Companies like TikTok and Facebook collect lord knows how much information, and use the same "security" tautology as their scrappy startup peers. They consciously stretch the limits of their API capabilities, and then turn around and make puppy-eyes whenever regulators act concerned. Meanwhile, the actual users of these smartphones aren't empowered to regulate their own device's security. They can't turn off their phone because the modem is still on. They can't firewall Facebook analytics when the app is closed. They can't even stop their notifications from being snooped on without disabling the feature altogether. Where's Apple or Google when that's under scrutiny?
It's a bit tangential, but this is why I think Apple made an enormous mistake attempting to commodity privacy. Privacy is idealistic - there will always be perennial exploits on the iPhone to prove them wrong. Because Apple commits to imperfect, conditional privacy, scummier-and-scummier companies can follow their imperfect lead and make the same claims. And because none of them are as big as Apple, they rarely take flak when their systems fail. Apple's attempts to market security is like watching a leading F1 driver start turning into a tailspin, and taking the rest of the racers with them in a firey crash.
I'm not sure marketing privacy is the same as commodifying it, if anything commodifying something makes it less marketable...
Most marketing hinges on non commodities, take coca-cola for example, it's sugar water with a bit of caffeine, if they marketed that they'd be nothing, all of their marketing is about other stuff, intangibles
Kind of like Netflix's proverbial "chill"

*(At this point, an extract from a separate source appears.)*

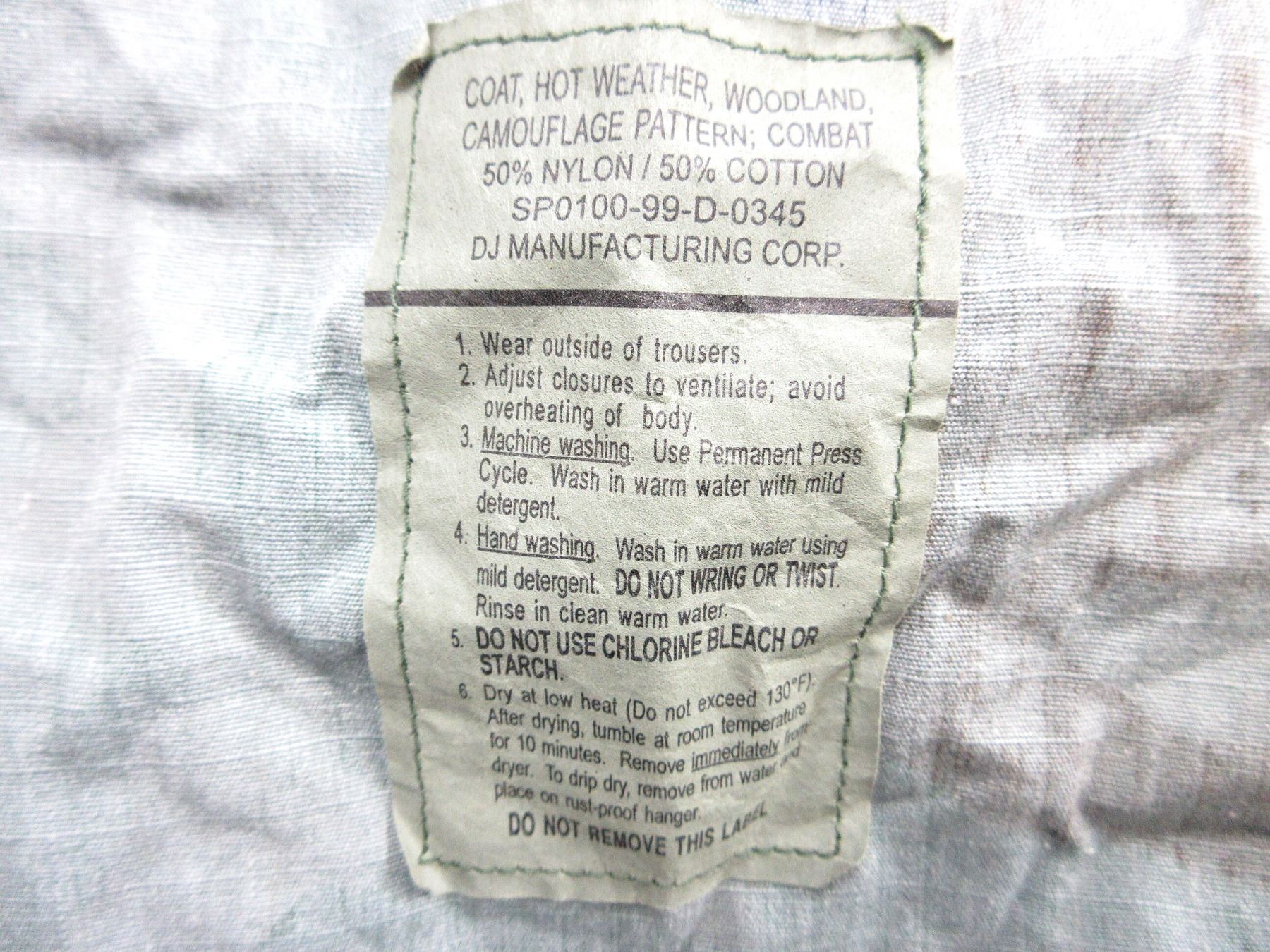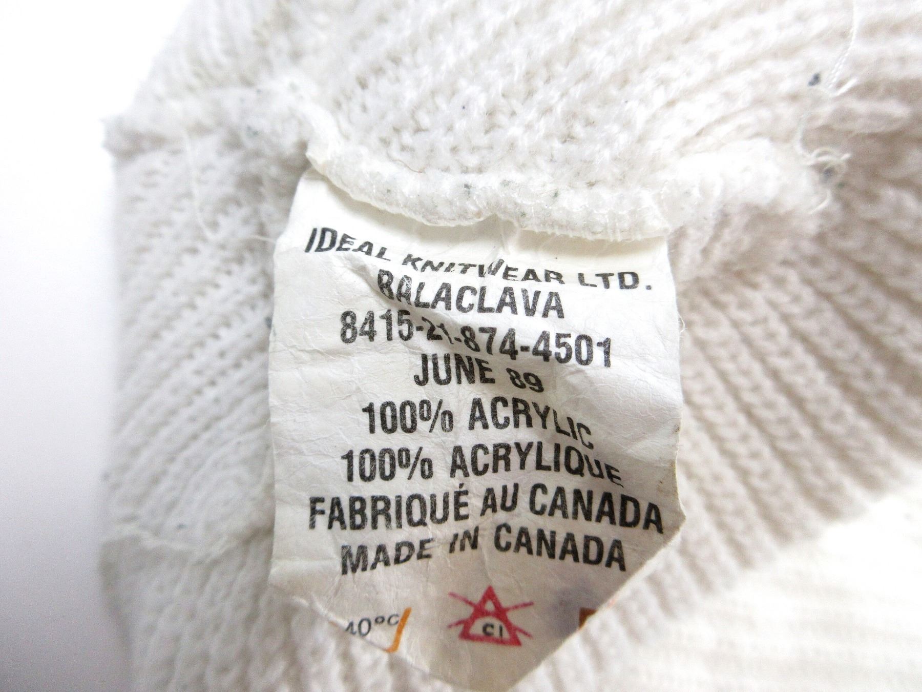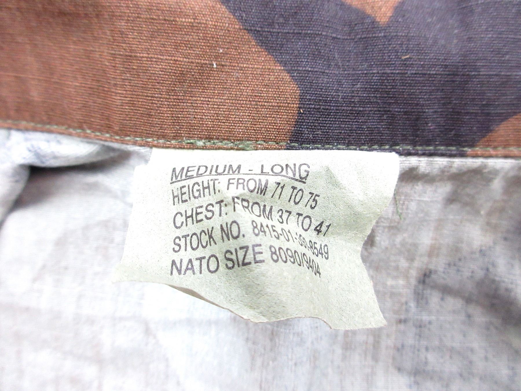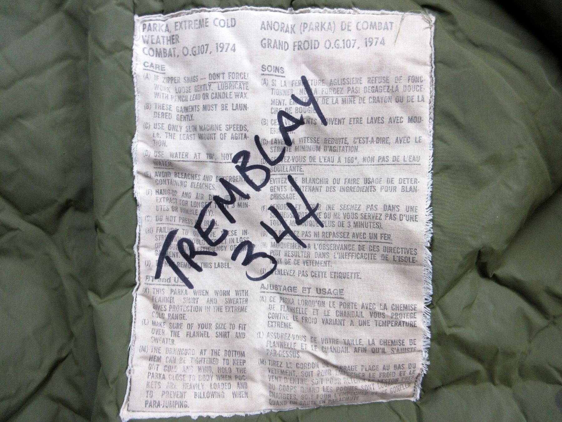 LOT INCLUDES; (1) CANADIAN MILITARY GREEN NYLON EXTREME COLD WEATHER COMBAT PARKA, SIZE 5 REGULAR-MEDIUM, VARIOUS LABELS / MARKINGS, SNAP CLOSURE, SHOWS AGE / WEAR / TEAR, (1) U.S. MILITARY WOODLAND CAMO HOT WEATHER COMBAT SHIRT, SIZE MEDIUM-LONG, VARIOUS LABELS / MARKINGS, BUTTON FRONT, SHOWS WEAR, (1) CANADIAN MILITARY WHITE ACRYLIC BALACLAVA, VARIOUS MARKINGS ON LABEL, SHOWS WEAR & (1) PAIR OF GREEN WOOL / ACRYLIC GLOVES, VARIOUS HAND-WRITTEN MARKINGS, SHOWS WEAR. SEE PHOTOS.
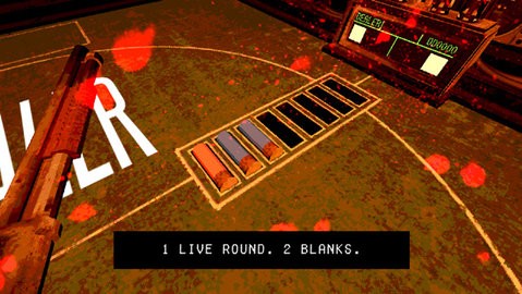 5、游戏规则十分简单,玩法类似于俄罗斯转盘。在桌子上放置着一把散弹枪,第一回合时,枪内有三枚子弹,其中2枚是空弹,1枚是真弹,后续回合里真弹的数量会逐渐增加。

Comparatively I'd say privacy is among better things to market
I can't even tell whether it's sarcasm… All those services are closed-source, exchanging over binary protocols, of which there is no public description/documentation, and no stability guarantee.
You overdramatize, they mostly just push json around. mitmproxy is your friend. And since you only need to see for yourself once who cares about stability.
I share your attitude towards inspecting your devices’ traffic being an inaliable right, but AFAICT this hasn’t been the case for a while now.
I believe on Android MITMing even most third party applications (that make zero-to-no effort to prevent this) requires a rooted phone or an emulator running and older Android (8) without Google Play Services and doing a little bit of RE (for instance using some Frida user scripts to patch the apk to circumvent the certificate pinning). I reckon MITMing the actual traffic Google itself can collect would require a lot more RE and network wizardry than I’m even aware of (feel free to link some reading though). Here’s a recent walkthrough I saw in the wild: https://youtu.be/c4wS9n7yilA?si=xAfwCyWIzdrvOiHc
For Apple devices afaict since rooting was…ahem rooted out, no viable amateur-DIY methods for monitoring your devices traffic exist.
I know everything is open source if you’re good enough at assembly but at some point it’s gone from something a tinkerer can do to something you need significant talent and in-depth knowledge to do.
I’d love to read any write-ups or guides to the contrary though.